Ahuízotl respondió que su esposa no había tenido ninguna mejoría y agradeció la preocupación que por ella manifestaba Tlacaélel. Ambos personajes entraron juntos al recinto donde habría de celebrarse la reunión, y después de saludar a los integrantes del Consejo ahí reunidos, ocuparon sus correspondientes lugares. Ahuízotl observó que no se hallaban presentes los reyes de Texcoco y Tlacopan, sino tan sólo los altos dignatarios tenochcas que en compañía de aquellos integraban el Consejo Imperial, lo que le hizo suponer que la junta tendría por objeto tratar asuntos de índole estrictamente interna del gobierno azteca.
La llegada del Emperador no se hizo esperar y con ella dio comienzo la reunión.

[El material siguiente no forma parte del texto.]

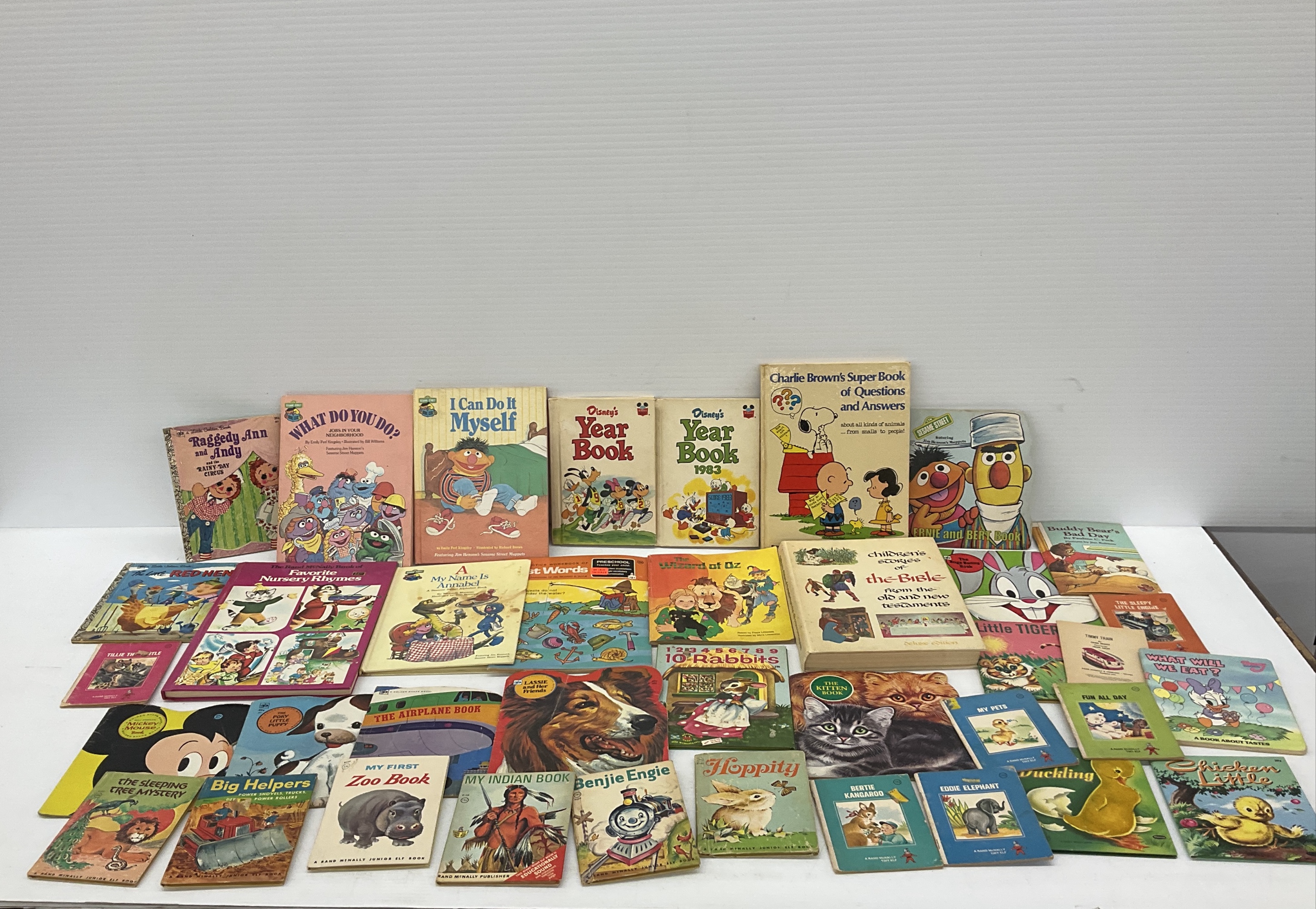 Collection of children's books, including Rand McNally Junior Elf books, Golden Press Little Golden Books, Disney yearbooks, Sesame Street books, and various others.

Tízoc anunció que la causa por la cual se hallaban congregados revestía una inusitada importancia y que deseaba fuera el propio Heredero de Quetzalcóatl quien la diera a conocer, anticipando de antemano que coincidía plenamente con los puntos de vista de Tlacaélel, y que su mayor anhelo era el de lograr la unánime aceptación del plan de acción trazado por éste para hacer frente a los problemas que se avecinaban.
Ante su reducido auditorio, Tlacaélel dio comienzo al que habría de ser el más brillante y emotivo de todos sus discursos. Como una especie de terremoto, cuyo comienzo fuera apenas un imperceptible temblor de tierra que lentamente va transformándose en una irresistible y estruendosa sacudida, las palabras del Azteca entre los Aztecas, en un principio serenas y pausadas, se convirtieron pronto en un torrente de desbordada elocuencia.
Tlacaélel comenzó narrando los inesperados descubrimientos efectuados durante su viaje a tierras mayas. Con vivas imágenes describió el hallazgo del santuario perdido en medio de la selva y del excepcional mensaje que en él se conservaba: la historia completa de Me-xíhc-co, incluyendo su pasado, presente y futuro.
Mediante un conciso resumen, Tlacaélel transmitió a sus oyentes lo esencial de la copiosa información contenida en el olvidado bajorrelieve maya, desde las referencias al grandioso esplendor de pasadas Edades y a los periódicos cataclismos que asolaban la tierra, hasta la directa alusión a los próximos peligros que se cernían sobre Me-xíhc-co, como resultado del cambio de las influencias celestes imperantes.
Con voz cuyo grave acento revelaba la singular trascendencia que atribuía al tema que estaba abordando, el Azteca entre los Aztecas planteó la urgente necesidad de reestructurar el Imperio desde los cimientos, con miras a lograr que su funcionamiento estuviese acorde con las nuevas realidades cósmicas, para lo cual, se requería adoptar toda una serie de radicales medidas: supresión de los sacrificios humanos, fomento a la libre expresión de las distintas peculiaridades que caracterizaban a cada uno de los pueblos conquistados, y fundamentalmente, propiciar por todos los medios el desarrollo de una profunda espiritualidad, lograda a través del sacrificio interior y consciente de todos los habitantes del Imperio. Convenía, desde luego, convocar cuanto antes a una reunión de las distintas organizaciones religioso-culturales, con objeto de lograr su necesaria colaboración en las múltiples y decisivas tareas por realizar.